Si la femme peut prêter l’hommage comme vassale, elle peut, comme suzeraine, le recevoir. Les exemples de femmes qui, suzeraines d’autres femmes ou d’hommes, reçoivent directement cet hommage ou le font recueillir par procureurs, sont encore fréquents au xviiie siècle et naturellement, surtout, dans les provinces où nous trouvons la propriété féodale féminine le plus largement représentée. En Lorraine, la palatine Anne de Bavière, Henriette de Clèves, dans le Nivernais, recueillent, par leur procureur, de nombreux hommages[1]. Dans le Limousin, Mme  de Rhodes, comtesse de Bridiers, reçoit des hommages pour plusieurs seigneuries tenues par des femmes ou par des hommes ; Marie-Anne de Bourbon, duchesse de La Vallière et de Rochechouart, seigneur de fiefs importants en Bretagne, et de même la marquise de Plœuc, la baronne de la Hunaudaye reçoivent des hommages masculins et féminins[2].
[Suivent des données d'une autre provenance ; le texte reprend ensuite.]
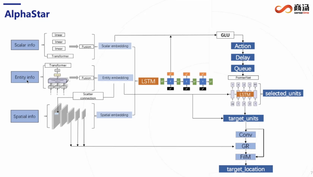 因此,算法网络的结构设计难度相应增加。Alphastar设计了如图所示的结构,该结构融合了各种顶尖、有效的网络结构。算法的输入可以分成三类,这三类输入信息首先需要进行整合。具体来说:

La demoiselle Fiacre de Bouline, qui possède en Berry des domaines, reçoit pour des terres qui en relèvent, hommages des seigneurs vassaux[3].
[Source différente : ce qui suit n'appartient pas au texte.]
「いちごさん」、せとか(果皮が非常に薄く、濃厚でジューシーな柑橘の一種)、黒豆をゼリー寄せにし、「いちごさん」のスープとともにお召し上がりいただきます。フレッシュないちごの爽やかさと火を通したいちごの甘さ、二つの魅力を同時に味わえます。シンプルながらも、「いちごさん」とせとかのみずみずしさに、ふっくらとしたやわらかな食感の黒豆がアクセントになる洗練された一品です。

Il arrive même parfois qu’une femme qui, ne possédant aucun fief, ne pourrait directement recueillir aucun hommage, soit chargée par une autre femme de les enregistrer à sa place. Bien que les anciennes coutumes l’interdisent à la femme, elle est procuratrice. Nous relevons ce cas en Franche-Comté, où Jeanne-Catherine de Marnier est procuratrice de l’abbesse de Martigny[4].

Les droits que les femmes tiennent de leurs propriétés féodales ne se réduisent pas à ces cérémonies quasi rituelles, et dont l’esprit est absent, de la déclaration de l’aveu, de la prestation ou de la réception de l’hommage ; nous les voyons posséder et exercer des droits plus positifs et qui sont, non seulement de caractère civil, mais de caractère économique et politique.

Possédant des terres, les femmes possèdent tous les droits qui, à la veille de la Révolution, restent encore attachés à la propriété

  1. Arch. Départ., Ardennes, B., passim ; Nièvre, B., passim.
  2. Arch. Départ., Finistère, Côtes-du-Nord, Ille-et-Vilaine. Cf. page 9.
  3. Arch. Départ., Cher, E. 1136.
  4. Cf. Décision de la Chambre des Comptes de Besançon, ordonnant de payer les reliquats de compte à J.-C. de Marnier, procuratrice de l’abbesse de Martigny. Arch. Départ., Doubs, B. 937.